Singh explained how his business model was not based on service charge or tips collected. “For the last two or three years, all our employees receive all the wages as house wages, that’s their salary.”
Khan said restaurateurs like her were in the business because they were driven by a passion to feed people and showcase their culture and heritage, rather than by the money to be made in the industry.
She also said it was time to “to clean up our act”.
“You need powerful voices in the industry to come out. I’ve been talking about the need that we should have a union – not of the owners, but of the workers. Because the problem is that if you are not united, you will be pushed around. It is time we honour the people whose hands work.
“We’ve gone through a really hard time. Many people don’t understand how brutal and tough it’s been.”
While Khan’s Darjeeling Express restaurant was closed during the lockdown, she spent the time talking to people in the industry about their concerns.
She said, “I’m afraid that some people may use this time when we come back (to business) to squeeze wages further, to make working conditions harder. A lot of women will lose their jobs because they’re seen as physically weaker.
“People think that this is a tough time. You know, you’re not going into war, you’re going back into service, and so many women have come to me where they have been let go, because the employers are worried that they may have childcare issues.”
Lord Karan Bilimoria, the founder and chairman of Cobra Beer and president of the Confederation of British Industry (CBI), described how he relayed the concerns of the hospitality industry to ministers from the start of the pandemic. The CBI held webinars and had a coronavirus hub to help those in the industry with up to date information on available government help – in terms of loans, business rates and VAT reduction.
He said, “We’ve had the government and the chancellor, Rishi Sunak, who have been willing to listen, and are willing to collaborate.”
According to data from Cobra Beer, which supplies 7,000 restaurants, only 50 had shut during the pandemic. However, while the peer acknowledged that the pandemic was tough on the industry, he believed that Indian restaurants were resilient and would fight to stay open.
“Because these are hard working people who do it to serve customers. If you think of value for money, Indian food on the whole provides fantastic value. It is the favourite food of the British people, they love it. It’s exotic food, not the easiest to cook if you want to do it well. That takes effort. It’s incredible. That’s why it’s so popular.”
Khan added, “Please do not see my cuisine as cheap and cheerful. It’s a very sophisticated cuisine with a deep heritage.

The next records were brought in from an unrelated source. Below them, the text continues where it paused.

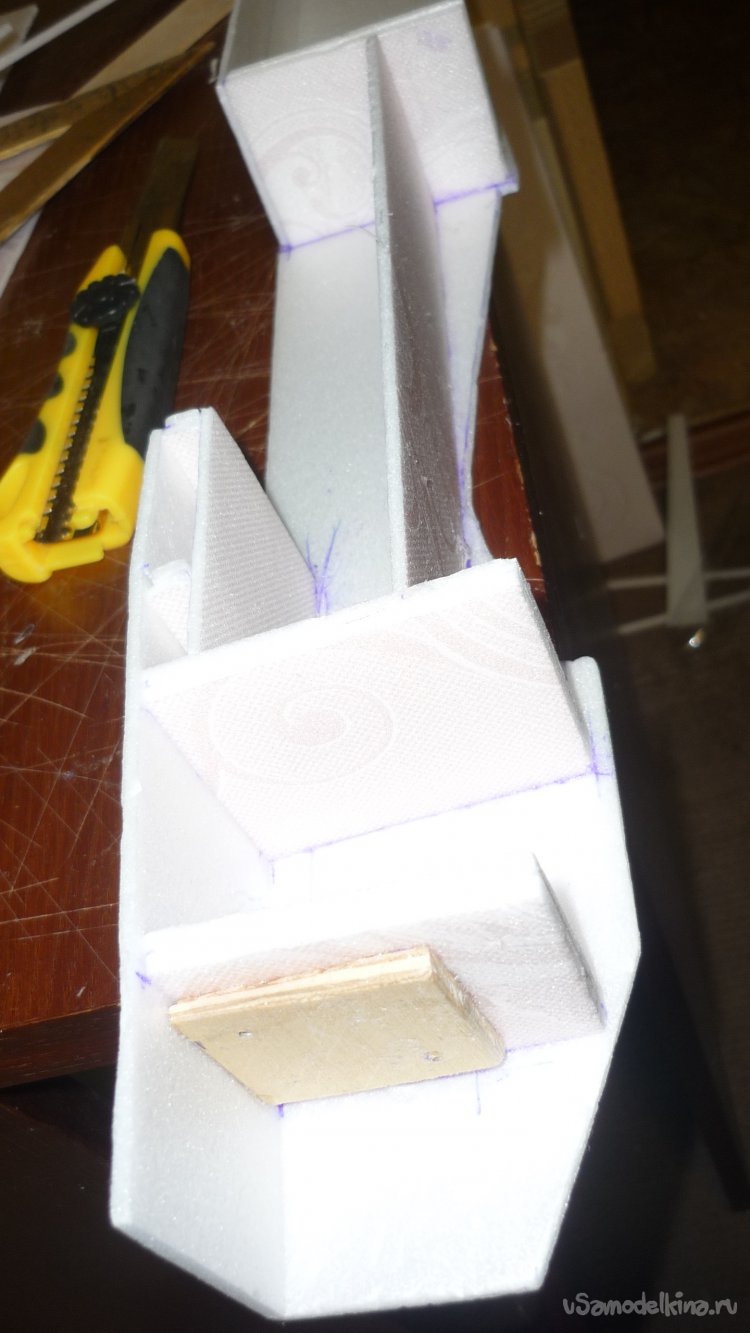 Вырезал кусочки 3 мм. фанеры для установки шасси, вклеил.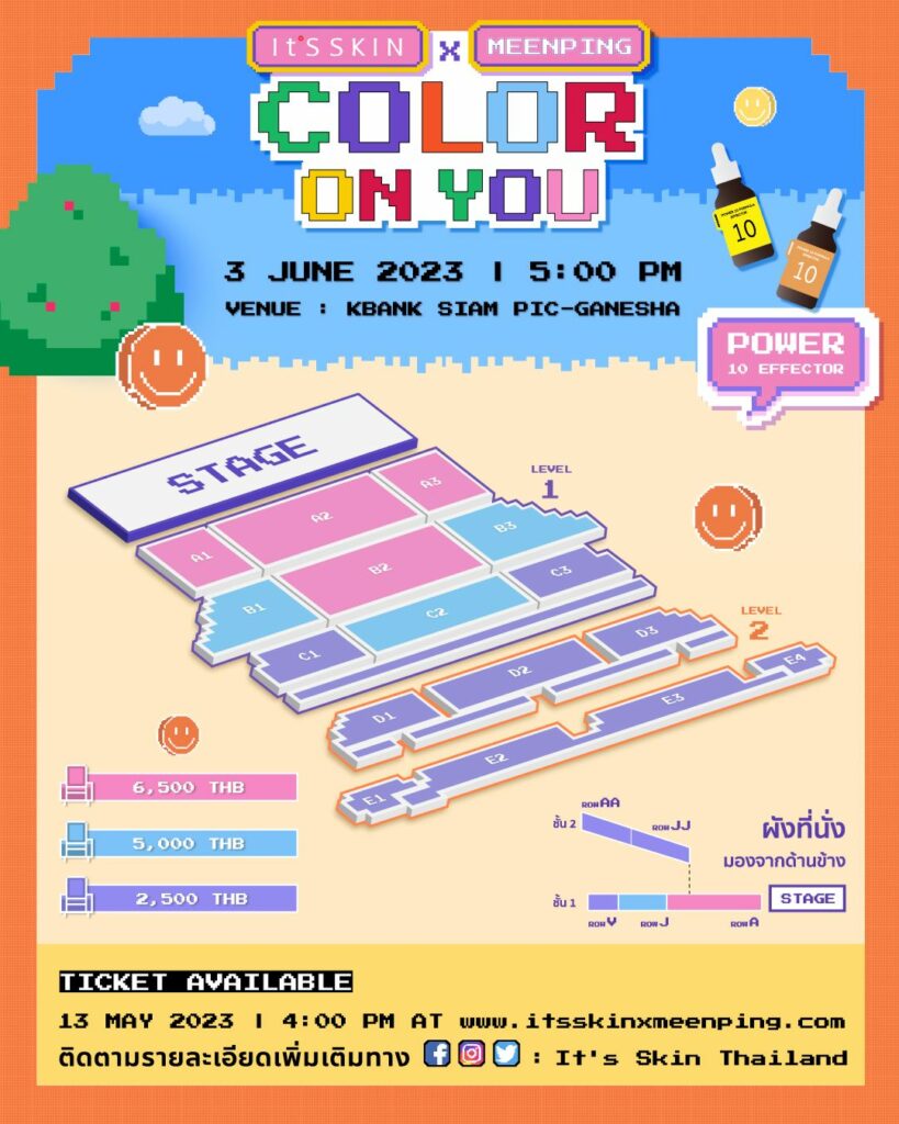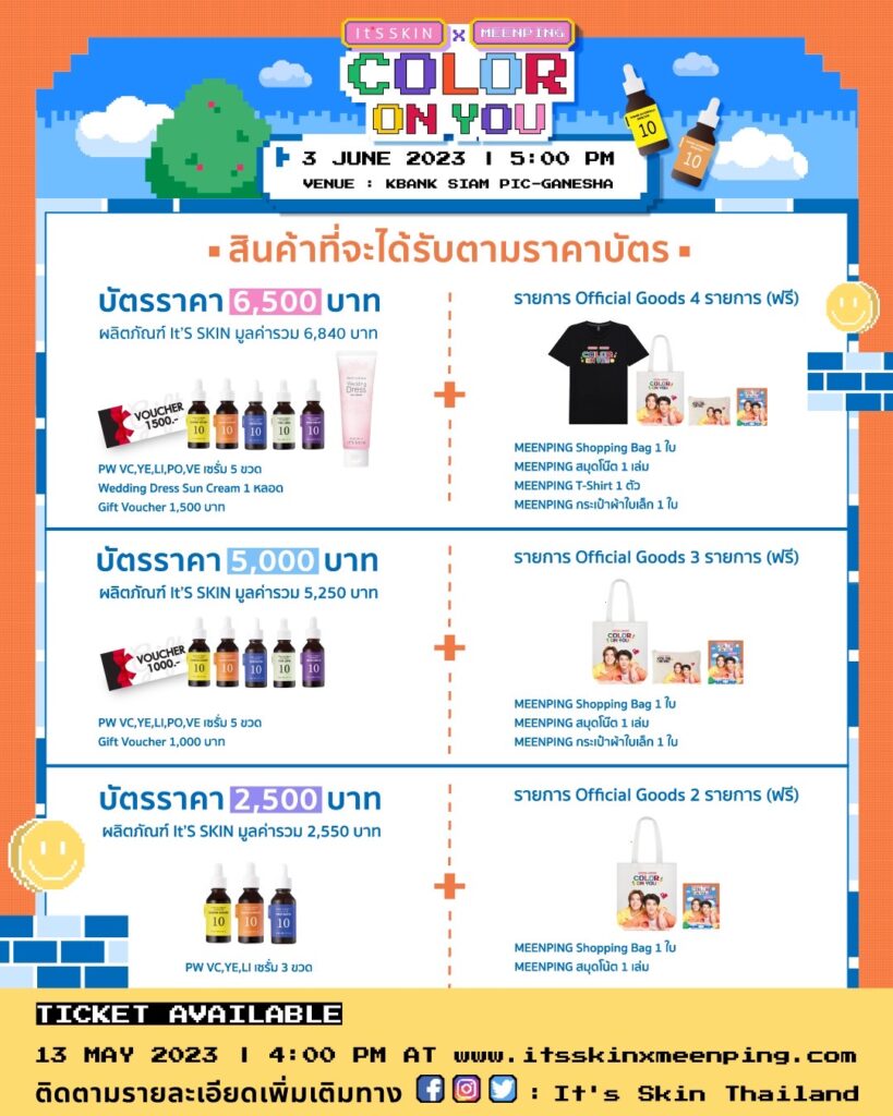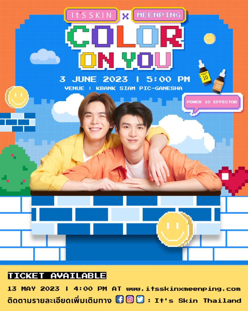 It’S SKIN x MeenPing Color on You ครั้งแรกกับความสนุก จาก 2 หนุ่ม Meen Ping ที่อยากชวนทุกคนมาสนุก ซน และฟิน ไปกับพวกเขาในรูปแบบสุด EXCLUSIVE! กับงาน It’S SKIN x MeenPing Color on You วันเสาร์ที่ 3 มิถุนายน 2566 ที่ KBANK SIAM PIC GANESHA เวลา 17.00 น.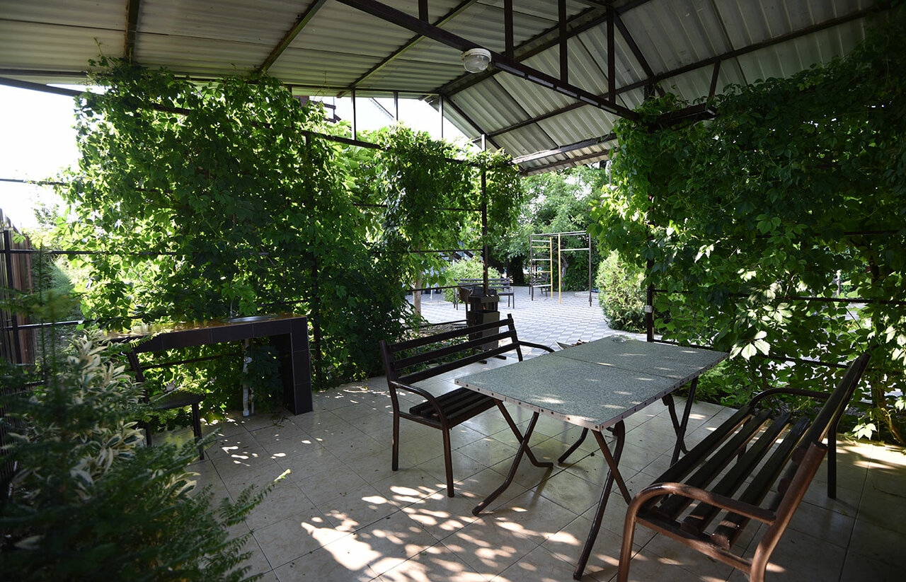 Уютные номера,доброжелательные хозяева,до моря 30 метров.На территории бассейн(с подогревом),детская площадка,семейное кафе,для желающих готовить -отдельная кухня.В целом это место для желающих отдохнуть от городского апокалипсиса…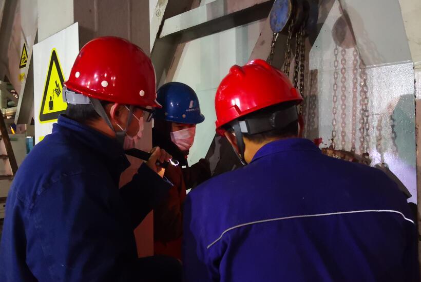 “目前來看,問題只可能是撈渣機(jī)底板與導(dǎo)輪間隙有問題或槽體內(nèi)刮板脫落,大家分頭重點排查這兩方面?!痹诖蠹颐H粺o措時,生產(chǎn)副總經(jīng)理徐光學(xué)一語點醒夢中人。鎖定“疑兇”,維護(hù)部副主任徐德剛迅速組織技術(shù)骨干研討。按照疫情防護(hù)需要,幾位專業(yè)行家距離一米以上,“吼”完了研討會,并在較短時間內(nèi)擬定出三個處理方案,但所有方案的前提均是“確定底板情況!”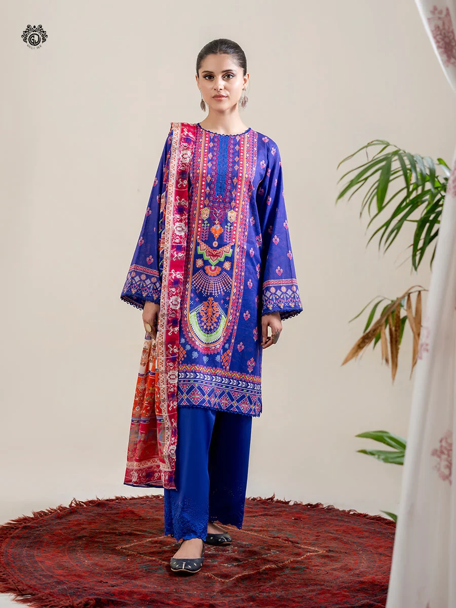 Gull Jee NAQSH - 3PC EMBROIDERED NECK DIGITAL PRINTED LAWN FRONT DYED COTTON CAMBRIC EMBROIDERED BORING TROUSER ZARI SEQUINE DUPPATA -GNAQ2301A12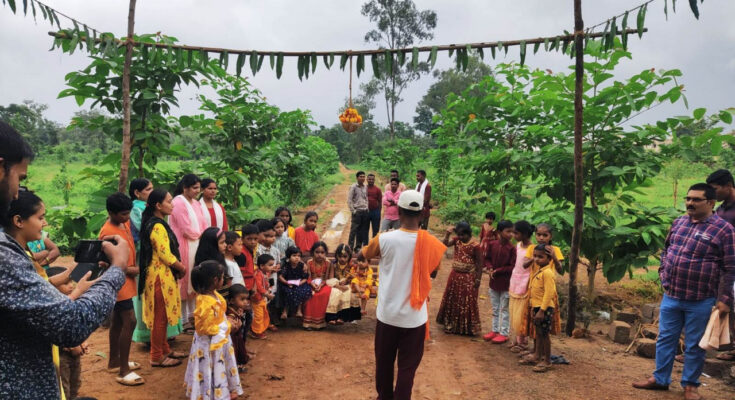 In this regard, Principal Chief Conservator of Forests and Forest Force Chief Shri V. According to the information received from Srinivasa Rao today, on the occasion of Janmashtami, under the guidance of Forest Minister Mr. Mohammad Akbar, forest divisions across the state organized programs in the Krishna Kunjs of their respective areas and gave a message of public awareness towards the environment. Under the programme, “Matki Phod” competition was organized by the Forest Division, Bijapur at Krishna Kunj. Along with this, the children and the people present there were informed about the plants of religious and cultural importance planted in Krishna Kunj.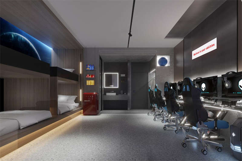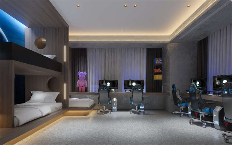 相信很多電競酒店投資人在籌備設(shè)計時,都會思索如何將電競元素和入住體驗完美融合。一方面需考慮符合電競愛好者審美,增加潮酷元素;另一方面則需考慮睡眠質(zhì)量,減少炫目元素。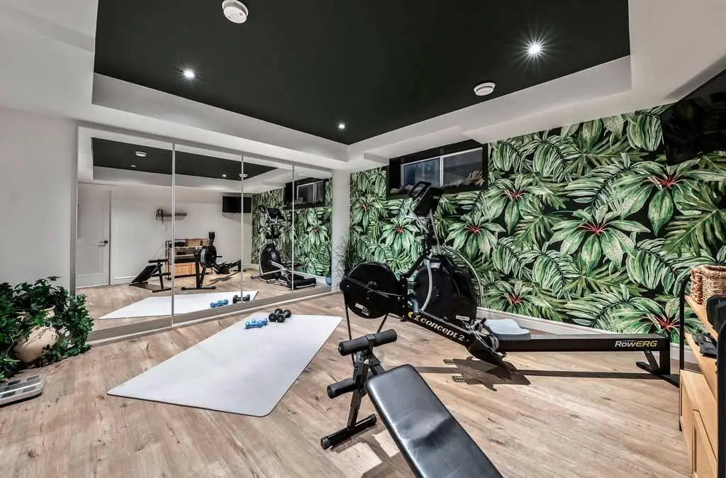 • Private pergola with hot tub oasis Jungle-themed gym/flex area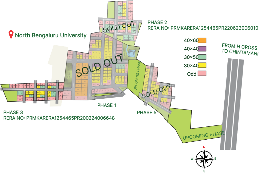 Welcome to Vaibhav Upavan, a premier plotted development near H Cross on the Hoskote Chintamani Highway. This project offers both excellent connectivity and a tranquil environment. Spread across 25 acres and developed in five phases with RERA approvals, Vaibhav Upavan ensures transparency, quality, and legal compliance for a secure investment.
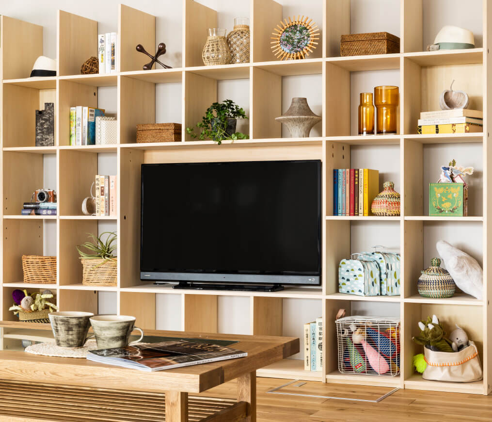 最大サイズの開口部(タテ3×ヨコ5コマ)は65インチの大型テレビ対応サイズで、リビングがさながらミニシアターに早変わり。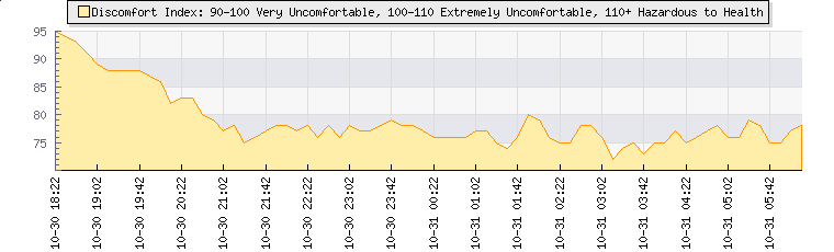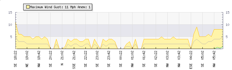 | Wind Gust: | 2 mph | Min Temp: | 21.1 °C | Max Temp: | 21.7 °C | | Wind Average: | 1 mph | Min Hum: | 44 % | Max Hum: | 46 % | |  |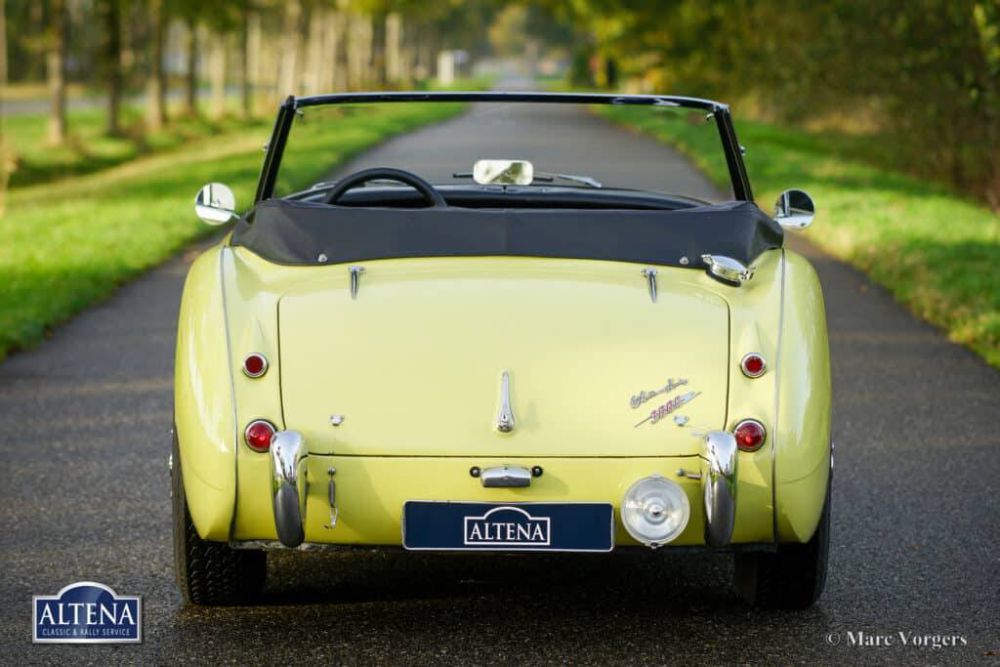 Austin Healey 3000 Mk IIa, year 1963. Colour Primrose (Sunburst) yellow combined with a black interior trimmed with pale yellow piping and black carpet. This wonderful ‘Big Healey’ was sold new in the USA, in April 1999 the car was imported to the Netherlands. In 1999 – 2001 the car was extensively restored, overhauled and prepared for fast road use. A large part of the work was carried out by Altena Classic Service. This fine Healey is in a very good condition, the car looks fantastic and the car drives perfectly! The (service) history of the last 25 years is known and documented. Over the last six years the car has been punctually serviced by Altena Classic Service. This Austin Healey features Minilite alloy wheels, overdrive, 185 / 15 Vredestein Sprint Classic tyres, 7-inch Lucas wide beam cornering / fog lights, Lucas reversing lamp, quick-locks on the bonnet and boot-lid, vented disc-brakes at the front, cooling vents in the front wings and a side exhaust. The car comes complete with its original bumpers, exhaust and original steering wheel! This powerful and very sporty Healey is ready for any new road-trip / adventure in the hands of a new owner!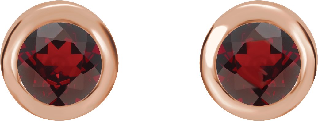 14K Rose 4 mm Round Genuine Mozambique Garnet Birthstone Earrings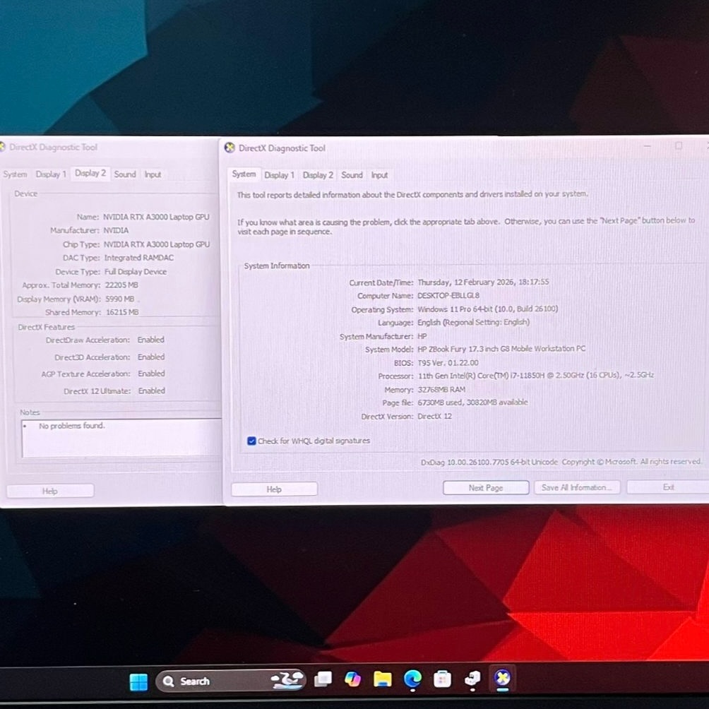 HP ZBOOK Fury 15 G8 i7 11850H Nvidia RTX A3000 6GB RAM 64GB SSD 1TB 17 inch Workstation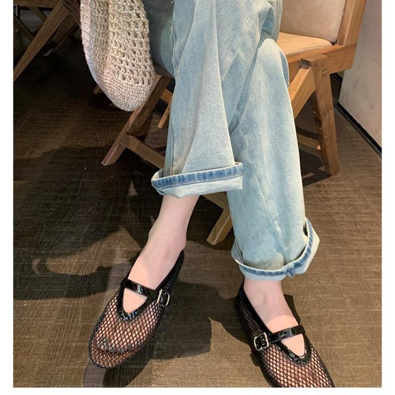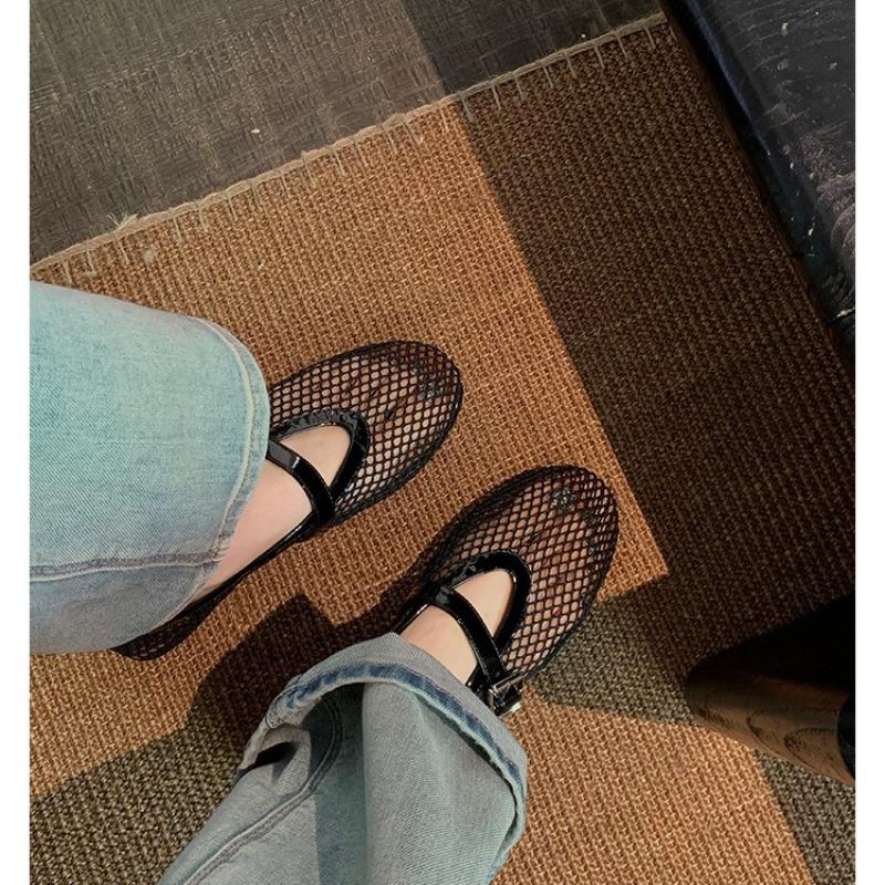 Женские летние сандалии из кожи с перфорацией, с ремешком на щиколотке, с круглым носком, на плоской подошве, с мелким вырезом, туфли Мэри Джейн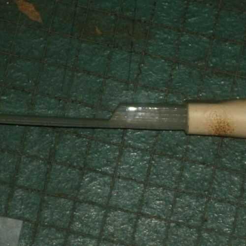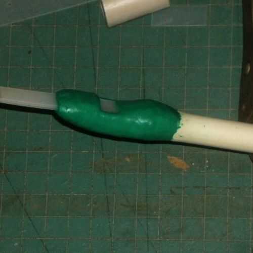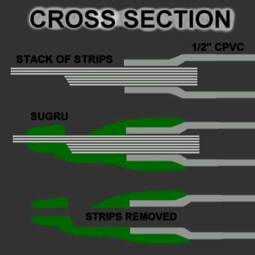 Después de calentar el extremo de un trozo de tubo CPVC de 1/2 pulgada para ablandarlo (como el PVC, sólo para el uso de agua caliente), he insertado la pila de tiras y aplastó el CPVC caliente abajo sobre ellos para mantenerlos. Calienta el CPVC con un soplete de propano. Tenga cuidado de no quemarlo, como el frumes son tóxicos. Usé un pedazo más largo de CPVC, que hace más fácil trabajar con y luego cortar el tubo a la longitud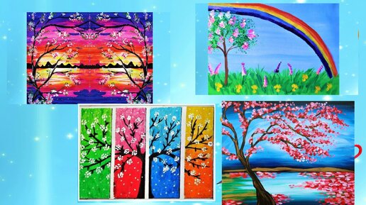 Друзья, вы узнаете, как нарисовать цветущие весенние деревья в разной технике акварелью, гуашью, ватными палочками, пластиковым пакетом. А еще мы легко рисуем отпечатками.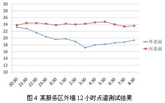 5、服務(wù)區(qū)建筑設(shè)計(jì)技術(shù)層面存在的問題,就是基本上未考慮“四節(jié)一環(huán)保”的要求,因此根本上達(dá)不到國家《公共建筑節(jié)能設(shè)計(jì)標(biāo)準(zhǔn)》規(guī)定節(jié)能50%的要求,這從我們在實(shí)地調(diào)研中對(duì)幾個(gè)服務(wù)區(qū)綜合樓的熱工測試結(jié)果(如圖4所示)可以看得出來。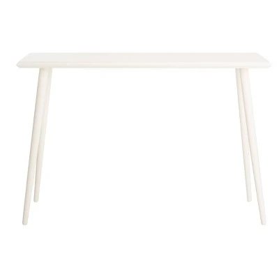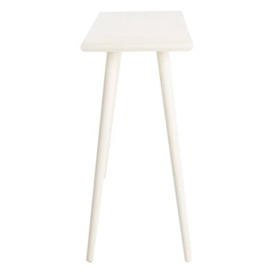 Crafted with a pine wood blend, this modern console table features a smooth top paired with curved and sleek legs that make a sophisticated statement in any contemporary interior. The neutral hue of this table was created by a special water-based paint finish. This paint color makes the item easy to style and match with other transitional or modern decor. The skinny and slim build of this table maximizes space in an area, great for the minimalist.

Give us a chance to tell our stories; when people eat our food they are actually connected to our history, heritage, to healing, to nourishing… It is not just about something you eat, it’s about nourishing your soul. We offer food at birth, marriages, we give food to Gods. Food is so symbolic, it is auspicious, it is sacred, it is part of our DNA. And I think as restaurateurs we need to do this.
She added, “We will survive, although some statistics predict a 25 per cent shrinkage in the industry. It is no surprise. Yes, it’s going to be very tough, but we will take less of a hit, and less of a battering, because we will come back… For us, this is not just about the bottomline.
“If it was about money, many of us would have dropped out long time ago. But this is about the whole love for feeding and love of service, which is part of our culture of the entire South Asia. So those who are in the industry will not leave defeated so easily.”